**HOW TO COMPLETE THIS TASK:**
Transcribe the entries below exactly, starting with the line that has "Sweter z dekoltem" and stopping after the line that has "Zdravotní ponožky z"; no pictures belong in the copy.

**DATA SECTION:**
━━━

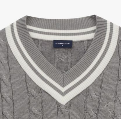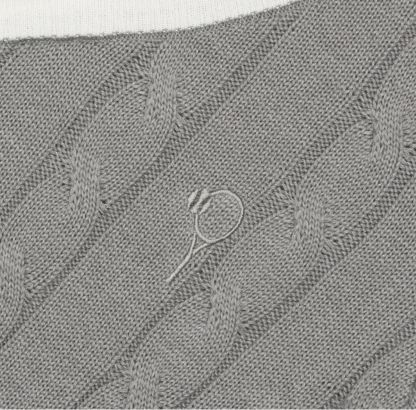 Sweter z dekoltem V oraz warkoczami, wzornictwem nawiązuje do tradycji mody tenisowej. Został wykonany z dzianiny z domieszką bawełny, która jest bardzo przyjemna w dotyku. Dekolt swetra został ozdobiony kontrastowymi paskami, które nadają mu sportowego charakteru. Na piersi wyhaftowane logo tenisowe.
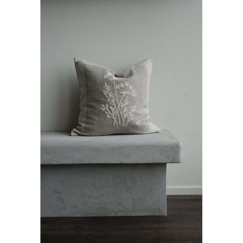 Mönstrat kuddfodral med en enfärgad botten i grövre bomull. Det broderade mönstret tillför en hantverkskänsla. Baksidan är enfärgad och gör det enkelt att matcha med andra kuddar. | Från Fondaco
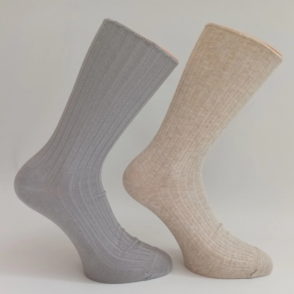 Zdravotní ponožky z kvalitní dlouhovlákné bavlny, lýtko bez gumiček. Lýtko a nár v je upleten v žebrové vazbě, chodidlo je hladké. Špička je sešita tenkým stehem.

━━━

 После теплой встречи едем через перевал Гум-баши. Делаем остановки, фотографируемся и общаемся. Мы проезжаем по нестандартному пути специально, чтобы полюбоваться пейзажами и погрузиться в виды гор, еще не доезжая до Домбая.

━━━

**ANSWER BELOW:**
 Sweter z dekoltem V oraz warkoczami, wzornictwem nawiązuje do tradycji mody tenisowej. Został wykonany z dzianiny z domieszką bawełny, która jest bardzo przyjemna w dotyku. Dekolt swetra został ozdobiony kontrastowymi paskami, które nadają mu sportowego charakteru. Na piersi wyhaftowane logo tenisowe.
 Mönstrat kuddfodral med en enfärgad botten i grövre bomull. Det broderade mönstret tillför en hantverkskänsla. Baksidan är enfärgad och gör det enkelt att matcha med andra kuddar. | Från Fondaco
 Zdravotní ponožky z kvalitní dlouhovlákné bavlny, lýtko bez gumiček. Lýtko a nár v je upleten v žebrové vazbě, chodidlo je hladké. Špička je sešita tenkým stehem.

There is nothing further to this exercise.